Figure 7. Intuitive mechanism of procrastination in the model and effects of parameter variations. (A) The black line indicates the true state value under the non-procrastinating policy. The red line indicates the approximated state value, which is a linear function of the feature variable of each state (magenta dashed line) based on the reduced SR, under the non-procrastinating policy. (B) Results of simulations where the cost was changed from the original value (0.1) to 0.05. Left and middle panels: The difference between the values of actions “GO” and “STAY” at the time when the agent initially entered each state in the 1st (left panel) and 20th (middle panel) episode in the vacation period, for the estimated true values (black line) or the reduced SR-based approximated values (red line). The error bars indicate the mean ± SD across simulations. Right panel: The over-episode changes of the mean number of times for the agent to choose “STAY” at each state. (C) Results of simulations where the cost c and the time discount factor γ were changed from their original values 0.1 and 0.85 to 0.05 and 0.95, respectively. Configurations are the same as those in (B).

When the cost is small (0.05) as compared with its original amount (0.1), even for the approximated values based on the reduced SR, choosing “GO” would become more advantageous than “STAY” and would induce little procrastination behavior (Figure 7B). However, whether the cost is large or small needs to be considered relative to reward size and the rate of temporal discounting (i.e., increment of reward value from one state to next due to decrement of discounting). When the discount rate was changed to a milder level (Figure 7C, discount factor changed from the original value 0.85 to 0.95 and the cost remained 0.05 as in Figure 7B), there should be less difference in discounted reward values across states, and thereby even the small cost (0.05) made action “STAY” more advantageous than “GO” in terms of approximated values, which in turn made the agent procrastinate.
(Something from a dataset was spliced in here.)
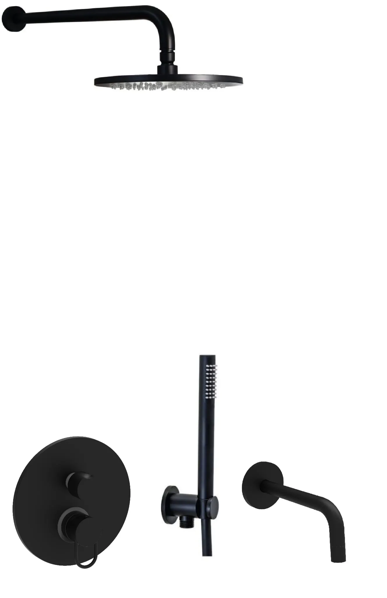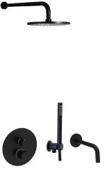 Czarny zestaw natryskowy podtynkowy z deszczownicą okrągłą 22,5 cm, wylewką, baterią 3-drożną podtynkową i słuchawką prysznicową Paffoni Jo-Joker JO019ZSCW3ANO
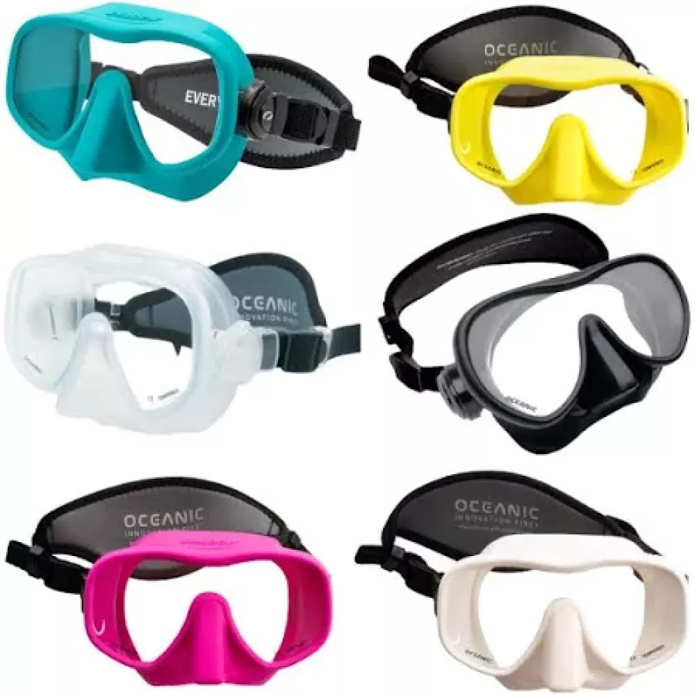 Oceanic Shadow Mask features a sleek 100% liquid silicone skirt that attaches directly to the tempered glass lens. No mask frame means the Shadow Mask offers an incredible field of vision and packs flat.

We also examined the effects of changes in the learning rate or the inverse temperature. The learning rate was originally assumed to be initially high and gradually decreasing across episodes at both school and vacation periods. When set as constant values at 0.2 or 0.4, the overall patterns of the approximated and true values were not drastically changed from the original ones (Figures 8A,B, respectively), even though the weight w continued to vary largely across states in the case where the learning rate was 0.4 (Figure 8C). Therefore, the assumption that learning rate decreases across episodes would not be crucial for the current model to generate procrastination behavior. Regarding the inverse temperature, when set to a smaller value (10) than the original value (20), the overall patterns of the approximated and true values were not drastically changed (Figure 8D). When set to a larger value (30) (Figure 8E), the number of times of “STAY” increased, as expected from the increased degree of exploitation, and the values in the 20th episode in the vacation look affected.

FIGURE 8

Figure 8. Results with different assumptions on the learning rate or the inverse temperature. (A,B) Results of simulations where the assumption about the learning rate a was changed from the original one to being constant at 0.2 (A) or 0.4 (B). Left and middle panels: The difference between the values of actions “GO” and “STAY” at the time when the agent initially entered each state in the 1st (left panel) and 20th (middle panel) episode in the vacation period, for the estimated true values (black line) or the reduced SR-based approximated values (red line). The error bars indicate the mean ± SD across simulations. Right panel: The over-episode changes of the mean number of times for the agent to choose “STAY” at each state. (C) The change of the coefficient “w” of the reduced SR-based approximated state value function during the school term (left panel) and the vacation period (right panel) in the case where the learning rate a was constant at 0.4. Each line indicates the change of “w” just after the agent left each state over episodes. (D,E) Results of simulations where the inverse temperature b was changed from the original value (20) to 10 (D) or 30 (E). Configurations are the same as those in (A,B).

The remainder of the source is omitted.